Finding the $n$th Taylor coefficient of $g(z)=\frac{z}{(z-b)^2}$ centered at $a$ (where $a=2-\sqrt{3}$ and $b=2+\sqrt{3}$?

Question

I've introduced $a$ and $b$ in order to simplify the notation : $a=2-\sqrt{3}$ and $b=2+\sqrt{3}$.

I'm trying to compute the Taylor Series for $g(z)=\frac{z}{(z-b)^2}$ centered at $a$. I denote the $n$th Taylor coefficient as $c_n$, then

$$c_n= \frac{1}{2\pi i} \int_{\gamma(a,r)} \frac{z}{(z-b)²(z-a)^{n+1}}dz$$ where $0<r<2\sqrt{3}$.
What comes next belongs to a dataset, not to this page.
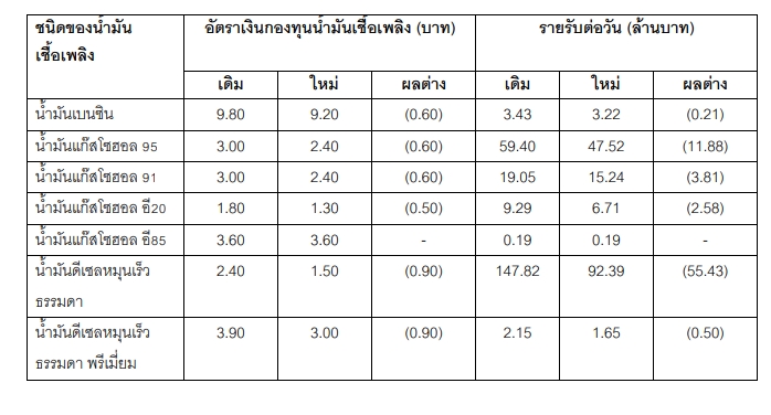 นายพรชัย จิรกุลไพศาล ผู้อำนวยการสำนักนโยบายและแผน สำนักงานกองทุนน้ำมันเชื้อเพลิง (สกนช.) เปิดเผยว่า การปรับลดอัตราเงินส่งเข้ากองทุนน้ำมันฯ ดังกล่าว จะทำให้รายรับของกองทุนน้ำมันเชื้อเพลิงประเภทน้ำมันทุกชนิด (รวมถึงน้ำมันเตา) ลดลงประมาณวันละ 74.41 ล้านบาท จากเดิมที่มีรายรับประมาณวันละ 241.64 ล้านบาท เหลือประมาณวันละ 167.23 ล้านบาท โดยปัจจุบันฐานะกองทุนน้ำมันเชื้อเพลิง ณ วันที่ 15 มิถุนายน 2568 ติดลบอยู่ที่ 36,268 ล้านบาท แบ่งเป็น บัญชีน้ำมันบวกอยู่ที่ 8,244 ล้านบาท และบัญชี LPG ติดลบอยู่ที่ 44,512 ล้านบาท

Clearly for $n=0$, the computation is easy noting that $\frac{z}{(z-b)^2}$ is holomorphic on and inside $\gamma(a,r)$ with our restriction on $r$. But I can't do anything with this once $n$ is not $0$... Can you help me please? A hint would be great!

Thank you!

Answer 1

Hint. First, I would note some simple relations between $a$ and $b$, namely $$a+b=4\ ,\quad b-a=2\sqrt3\ .$$ Second, you want powers of $z-a$ so I would substitute $w=z-a$ and simplify using the above: $$\eqalign{f(z) &=\frac{w+a}{(w+a-b)^2}\cr &=\frac{(w+a-b)+b}{(w+a-b)^2}\cr &=\frac{1}{w-2\sqrt3}+\frac{b}{(w-2\sqrt3)^2}\ .\cr}$$ Finally, I would do some more simple algebraic manipulations then use the standard series $$\frac{1}{1-t}=\sum_{n=0}^\infty t^n\ ,\quad \frac{1}{(1-t)^2}=\sum_{n=0}^\infty(n+1)t^n\ .$$ I wouldn't use the integral formula at all. See if you can complete the details. Don't forget to check that you use these series only within their circle of convergence, and substitute back in terms of $z$ at the end.

Answer 2

We have $$\frac{z}{(z-b)^2}=((z-a)+a)((z-a)+(a-b))^{-2}$$

Now use the binomial theorem

$$(X+C)^r=\sum_{k=0}^{\infty}\binom{r}{k}X^kC^{r-k}$$

We get $$((z-a)+(a-b))^{-2}=\sum_{k=0}^{\infty}\binom{-2}{k}(a-b)^{r-k}(z-a)^{k}$$

We can multiply by the other factor $((z-a)+a)$ and we get the series.

Answer 3

Hint: $$h(z)=\frac{1}{z-b}=\sum_{n=0}^\infty a_n(z-a)^n$$ (you can calculate this series easily) $$h'(z)=\frac{-1}{(z-b)^2}=\cdots$$ $$g(z)=\frac{z}{(z-b)^2}=\frac{(z-a)+a}{(z-b)^2}=\cdots$$